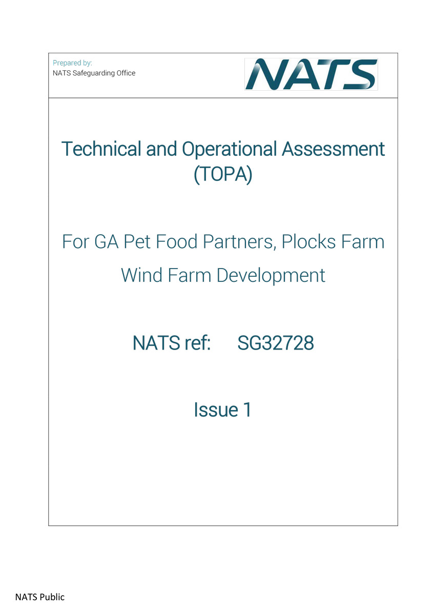 Technical and Operational Assessment (TOPA) – For GA Pet Food Partners, Plocks Farm Wind Farm Development – NATS ref: SG32728 – Issue 1
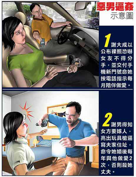 中国台湾网1月2日消息 据台湾媒体报道,台湾一男子谢大成利用一张裸照,逼一名岛内的女大学生当其性奴长达10年,规定被害人每月要和他做爱一次,直到前年4月被害人打算结婚,谢还拿玩具枪恐吓对方婚后仍须每年和他做爱两次,否则将杀害其丈夫。台湾“最高法院”日前维持2审判决,依强制性交等罪将这名恶狼判刑7年6个月,全案定谳。
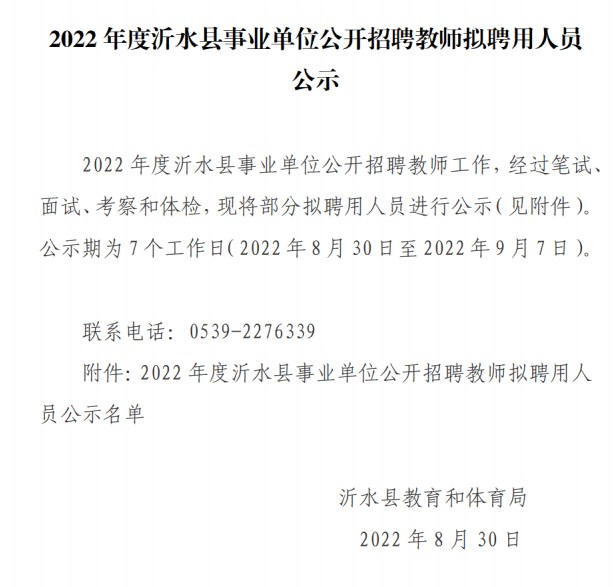 附件:2022年临沂沂水县事业单位公开招聘教师拟聘用人员名单
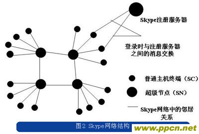 與常規(guī)的電信業(yè)務(wù)網(wǎng)絡(luò)不同的是,Skype的網(wǎng)絡(luò)中除了注冊(cè)服務(wù)器,沒有其他任何集中的服務(wù)器,只是將用戶節(jié)點(diǎn)分為普通節(jié)點(diǎn)和超級(jí)節(jié)點(diǎn)。Skype的系統(tǒng)連接結(jié)構(gòu)如圖2所示。
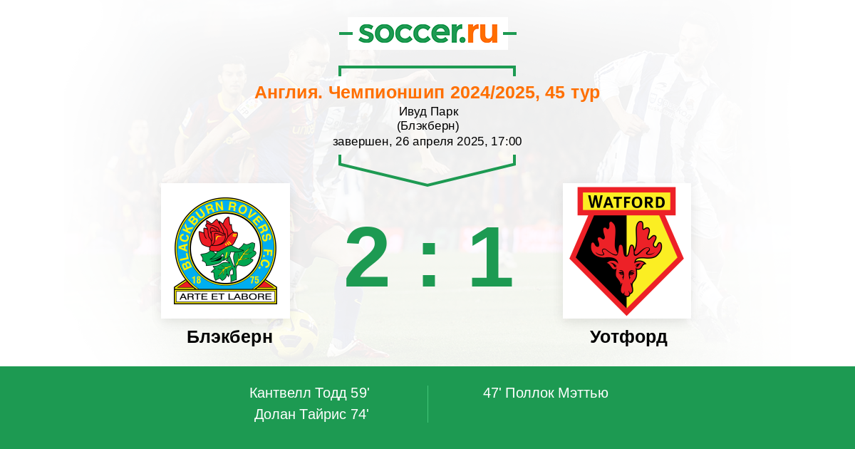 Англия. Чемпионшип 26.10.2024 Уотфорд Логотип футбольный клуб Уотфорд 1:0 Логотип футбольный клуб Блэкберн Блэкберн
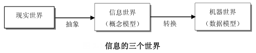将现实世界中的事物抽象,存入数据库中,共有三个世界、两种模型。三个世界是指:现实世界、信息世界、机器世界,而两个模型就是上面所说的概念模型和数据模型。
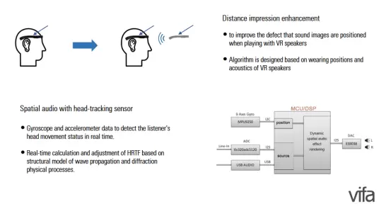 在耳机和VR设备应用领域,高还原度与沉浸感对音效也提出了更高要求。如扬声器置于耳后时,后置的声像体验感欠佳,而声像前置算法能虚拟出前置听感的声像,直观改善体验;动态声像追踪算法对信号进行动态处理,使声像实时保持在精准方位,对VR游戏视界中移动发声体的交互体验有决定性提升。

**Exercise objective**
Exact transcription of the full listing above is required; images do not belong in it.

**Your solution**
 Technical and Operational Assessment (TOPA) – For GA Pet Food Partners, Plocks Farm Wind Farm Development – NATS ref: SG32728 – Issue 1
 中国台湾网1月2日消息 据台湾媒体报道,台湾一男子谢大成利用一张裸照,逼一名岛内的女大学生当其性奴长达10年,规定被害人每月要和他做爱一次,直到前年4月被害人打算结婚,谢还拿玩具枪恐吓对方婚后仍须每年和他做爱两次,否则将杀害其丈夫。台湾“最高法院”日前维持2审判决,依强制性交等罪将这名恶狼判刑7年6个月,全案定谳。
 附件:2022年临沂沂水县事业单位公开招聘教师拟聘用人员名单
 與常規(guī)的電信業(yè)務(wù)網(wǎng)絡(luò)不同的是,Skype的網(wǎng)絡(luò)中除了注冊(cè)服務(wù)器,沒有其他任何集中的服務(wù)器,只是將用戶節(jié)點(diǎn)分為普通節(jié)點(diǎn)和超級(jí)節(jié)點(diǎn)。Skype的系統(tǒng)連接結(jié)構(gòu)如圖2所示。
 Англия. Чемпионшип 26.10.2024 Уотфорд Логотип футбольный клуб Уотфорд 1:0 Логотип футбольный клуб Блэкберн Блэкберн
将现实世界中的事物抽象,存入数据库中,共有三个世界、两种模型。三个世界是指:现实世界、信息世界、机器世界,而两个模型就是上面所说的概念模型和数据模型。
 在耳机和VR设备应用领域,高还原度与沉浸感对音效也提出了更高要求。如扬声器置于耳后时,后置的声像体验感欠佳,而声像前置算法能虚拟出前置听感的声像,直观改善体验;动态声像追踪算法对信号进行动态处理,使声像实时保持在精准方位,对VR游戏视界中移动发声体的交互体验有决定性提升。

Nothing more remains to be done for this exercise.